Assignment →
The result should be the listing below restated word for word, with images left out.

--- Provided material Enclosed Below ---

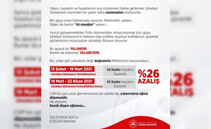 İçişleri Bakanı Süleyman Soylu, Cumhuriyet Halk Partisi (CHP)’ ne İstanbul Sözleşmesi tepkisi gösterdi. Bakan Soylu sosyal medya hesabından yaptığı paylaşımda, “Yalanlara karşı doğrularla huzurunuzdayız. Yalanı, siyasetin ve hayatlarının ana sözleşmesi haline getirenler, İstanbul Sözleşmesi üzerinden bir yalanı daha utanmadan söylüyorlar. Biri güya insan haklarından sorumlu Milletvekili, yalancı. Diğeri de "At sineğim" yalancı. Ayrıca gizleyemedikleri Polis düşmanlığını ortaya koymak için, güya İstanbul Sözleşmesi’ni bahane edip şiddete duyarsız kaldığımızı, güvenlik güçlerimizin müracaatları almadığı iftirasını atıyorlar. CHP’nin gün yüzü görmemesinin bir sebebi de, yalancıların ağına düşmesidir. Ne diyeyim, kendi düşen ağlamaz” açıklamalarında bulundu.
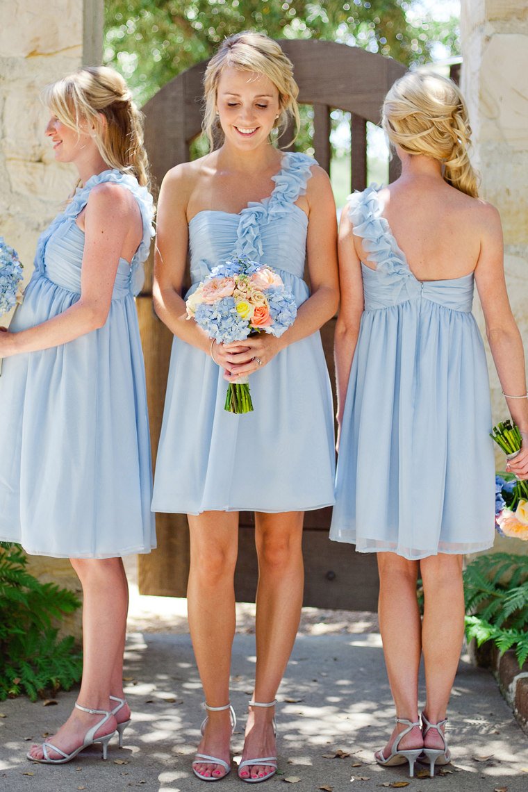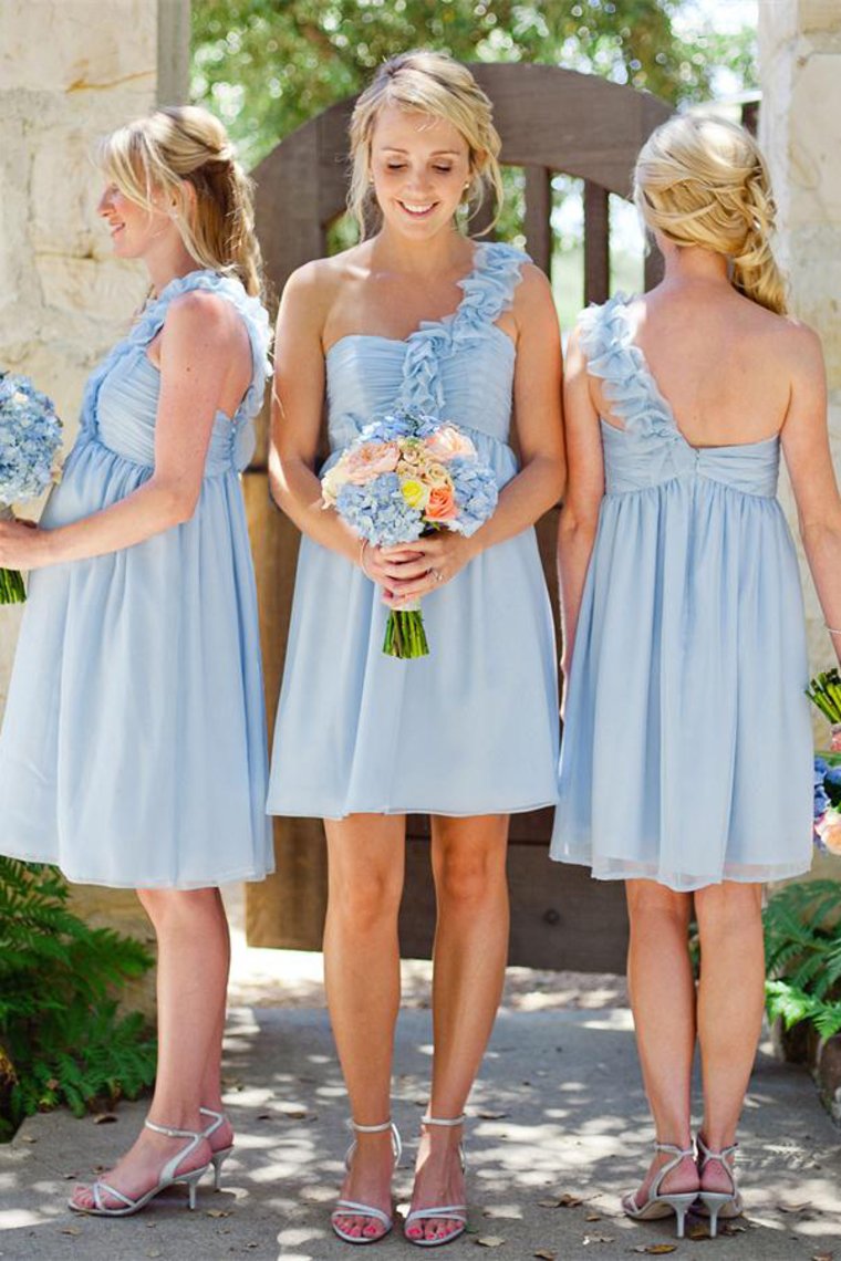 One Shoulder Light Sky Blue Short A-Line Knee Length Bridesmaid Dresses Pregnant Dresses
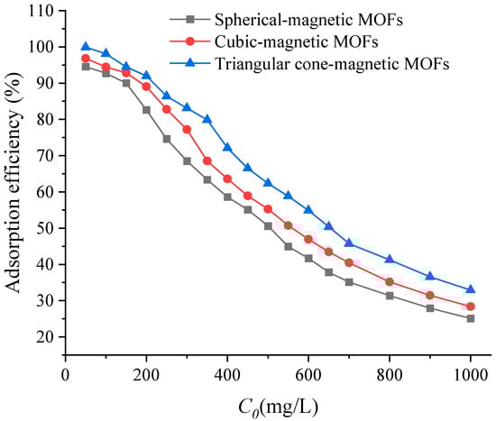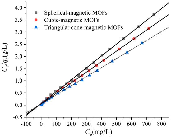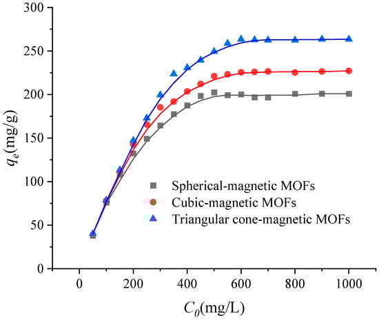 The effect of initial concentration on the adsorption of Cr(VI) was studied for magnetic MOFs by varying the initial concentration of Cr(VI) from 50 mg/L to 1000 mg/L. According to the results in Figure 7, it can be seen that the adsorption efficiencies of spherical-magnetic MOFs onto Cr(VI) decreased with the increasing initial concentration of Cr(VI); however, the adsorption capacities of spherical-magnetic MOFs onto Cr(VI) increased. In the case of cubic-magnetic MOFs and triangular cone-magnetic MOFs, similar curve shapes were also found. This phenomenon can be explained by the fact that, in the case of the fixed dosage of magnetic MOFs, the usable adsorption sites are finite, resulting in a clear decrease in the removal of Cr(VI) with increasing initial concentration. Meanwhile, the adsorption capacity of magnetic MOFs to Cr(VI) increased before it obtained the maximum adsorption capacities with increasing initial concentration. In this work, the equilibrium concentration for spherical-magnetic MOFs, cubic-magnetic MOFs and triangular cone-magnetic MOFs were 450, 550 and 600 mg/L, while the adsorption capacities were 198.42, 223.18 and 263.50 mg/g, respectively (Figure 8).

--- End of Enclosed Provided material ---

Expected answer →
 İçişleri Bakanı Süleyman Soylu, Cumhuriyet Halk Partisi (CHP)’ ne İstanbul Sözleşmesi tepkisi gösterdi. Bakan Soylu sosyal medya hesabından yaptığı paylaşımda, “Yalanlara karşı doğrularla huzurunuzdayız. Yalanı, siyasetin ve hayatlarının ana sözleşmesi haline getirenler, İstanbul Sözleşmesi üzerinden bir yalanı daha utanmadan söylüyorlar. Biri güya insan haklarından sorumlu Milletvekili, yalancı. Diğeri de "At sineğim" yalancı. Ayrıca gizleyemedikleri Polis düşmanlığını ortaya koymak için, güya İstanbul Sözleşmesi’ni bahane edip şiddete duyarsız kaldığımızı, güvenlik güçlerimizin müracaatları almadığı iftirasını atıyorlar. CHP’nin gün yüzü görmemesinin bir sebebi de, yalancıların ağına düşmesidir. Ne diyeyim, kendi düşen ağlamaz” açıklamalarında bulundu.
 One Shoulder Light Sky Blue Short A-Line Knee Length Bridesmaid Dresses Pregnant Dresses
 The effect of initial concentration on the adsorption of Cr(VI) was studied for magnetic MOFs by varying the initial concentration of Cr(VI) from 50 mg/L to 1000 mg/L. According to the results in Figure 7, it can be seen that the adsorption efficiencies of spherical-magnetic MOFs onto Cr(VI) decreased with the increasing initial concentration of Cr(VI); however, the adsorption capacities of spherical-magnetic MOFs onto Cr(VI) increased. In the case of cubic-magnetic MOFs and triangular cone-magnetic MOFs, similar curve shapes were also found. This phenomenon can be explained by the fact that, in the case of the fixed dosage of magnetic MOFs, the usable adsorption sites are finite, resulting in a clear decrease in the removal of Cr(VI) with increasing initial concentration. Meanwhile, the adsorption capacity of magnetic MOFs to Cr(VI) increased before it obtained the maximum adsorption capacities with increasing initial concentration. In this work, the equilibrium concentration for spherical-magnetic MOFs, cubic-magnetic MOFs and triangular cone-magnetic MOFs were 450, 550 and 600 mg/L, while the adsorption capacities were 198.42, 223.18 and 263.50 mg/g, respectively (Figure 8).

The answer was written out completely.